The aim of this work was to study the one-pot synthesis of sorbitol via hydrolysis-hydrogenation of cellulose in the presence of Ru-containing composites based on H3PW12O40 supported on ZrO2 and Nb2O5 (Ru-PW/ZrO2 and Ru-PW/Nb2O5). The main parameters impacted the reaction rate and yield of sorbitol, i.e. reaction conditions and type of catalyst were investigated. Ru-PW/ZrO2 systems were more active than Ru-PW/Nb2O5. The yield of sorbitol was found to depend on the activation temperature of PW/ZrO2 and PW/Nb2O5 which affected textural properties, the amount of acid sites and size of Ru nanoparticles. The highest 66% sorbitol yield was observed in the presence of 3%Ru-PW/ZrO2 activated at 550 °C and 1/1 of weight ratio of cellulose/catalyst, 180 °C, 7 MPa hydrogen pressure. This catalyst was stable for three cycles of the reaction without lost of it's activity.

Efficient hydrodeoxygenation of biomass-derived ketones over bifunctional Pt-polyoxometalate catalyst.

Acidic heteropoly salt Cs(2.5)H(0.5)PW(12)O(40) doped with Pt nanoparticles is a highly active and selective catalyst for one-step hydrogenation of methyl isobutyl and diisobutyl ketones to the corresponding alkanes in the gas phase at 100 °C with 97-99% yield via metal-acid bifunctional catalysis.

Multifunctional catalysis by Pd-polyoxometalate: one-step conversion of acetone to methyl isobutyl ketone.

Pd metal supported on Cs2.5H0.5PW12O40 is an efficient bifunctional catalyst for the one-step conversion of acetone to methyl isobutyl ketone in gas and liquid phase.
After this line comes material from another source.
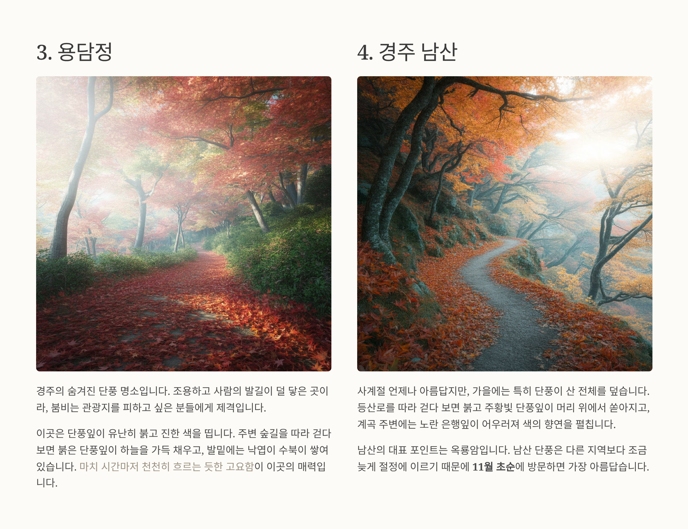 특히 경주는 한 도시 안에 사찰, 숲길, 유적지, 호수, 그리고 감성 거리인 황리단길까지 함께 있어 당일치기 여행이나 1박 2일 여행으로도 완벽합니다. 단풍과 유적, 그리고 맛있는 음식이 함께 있는 도시, 바로 지금 떠나야 하는 이유가 여기에 있습니다.

Highly efficient liquid-phase oxidation of primary alcohols to aldehydes with oxygen catalysed by Ru-Co oxide.

RuIV-CoIII (1:1.5) binary oxide, prepared by co-precipitation, is a highly efficient solid catalyst for the oxidation of primary alcohols to aldehydes with O2 (76-95% selectivity at 54-100% conversion) in a liquid phase under atmospheric pressure.

Polyoxometalate-catalysed epoxidation of 1-octene with hydrogen peroxide in microemulsions coupled with ultrafiltration.

Epoxidation of 1-octene with hydrogen peroxide catalysed by amphiphilic salts of peroxo tungstophosphate [PO4[WO(O2)2]4]3- in water-in-oil microemulsions is an efficient and environmentally benign reaction which, coupled with ultrafiltration, shows the potential for continuous production of epoxides.

Heteropoly acid as a novel efficient catalyst for Fries rearrangement.

Heteropoly acid H3PW12O40 is a very efficient and environmentally benign catalyst for the Fries rearrangement of phenyl acetate in homogeneous or heterogeneous liquid-phase systems at 100-150 degrees C.